§ Dataset section:
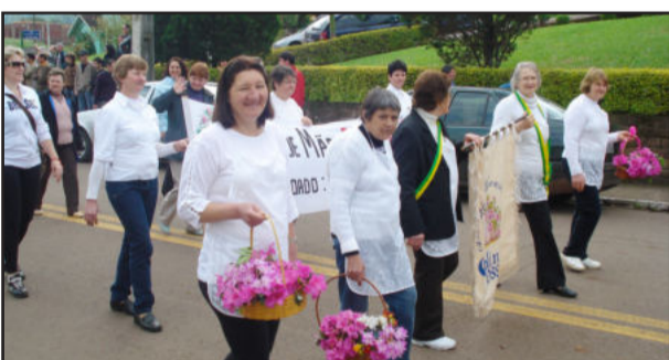
Flores de Colinas em destaque
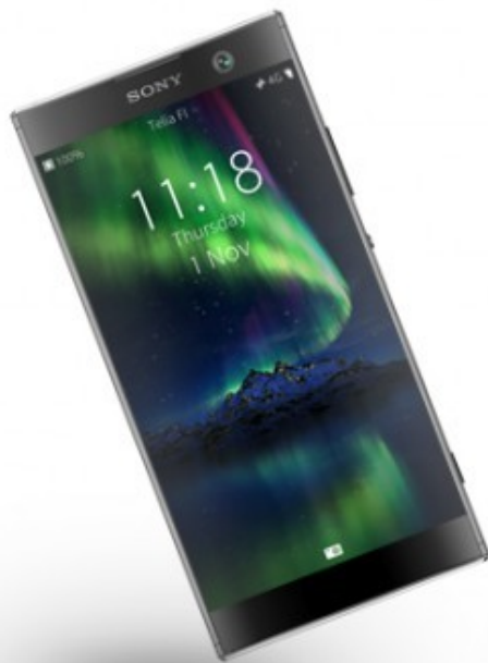
Sony Xperia XA2
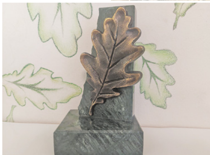
Już po raz siedemnasty statuetki projektu Mariusza Koszuta otrzymają mieszkańcy szczególnie zasłużeni dla miasta

szczenia można także nadsyłać pocztą elektroniczną na adres: promocja@milanowek.pl. Warunkiem przyjęcia wniosku wysłanego mailowo jest dołączenie do niego skanu oryginalnych dokumentów.

§ What you need to do: Leaving the pictures out, give back each line above exactly.

§ Answer to the exercise:
Flores de Colinas em destaque
Sony Xperia XA2
Już po raz siedemnasty statuetki projektu Mariusza Koszuta otrzymają mieszkańcy szczególnie zasłużeni dla miasta

szczenia można także nadsyłać pocztą elektroniczną na adres: promocja@milanowek.pl. Warunkiem przyjęcia wniosku wysłanego mailowo jest dołączenie do niego skanu oryginalnych dokumentów.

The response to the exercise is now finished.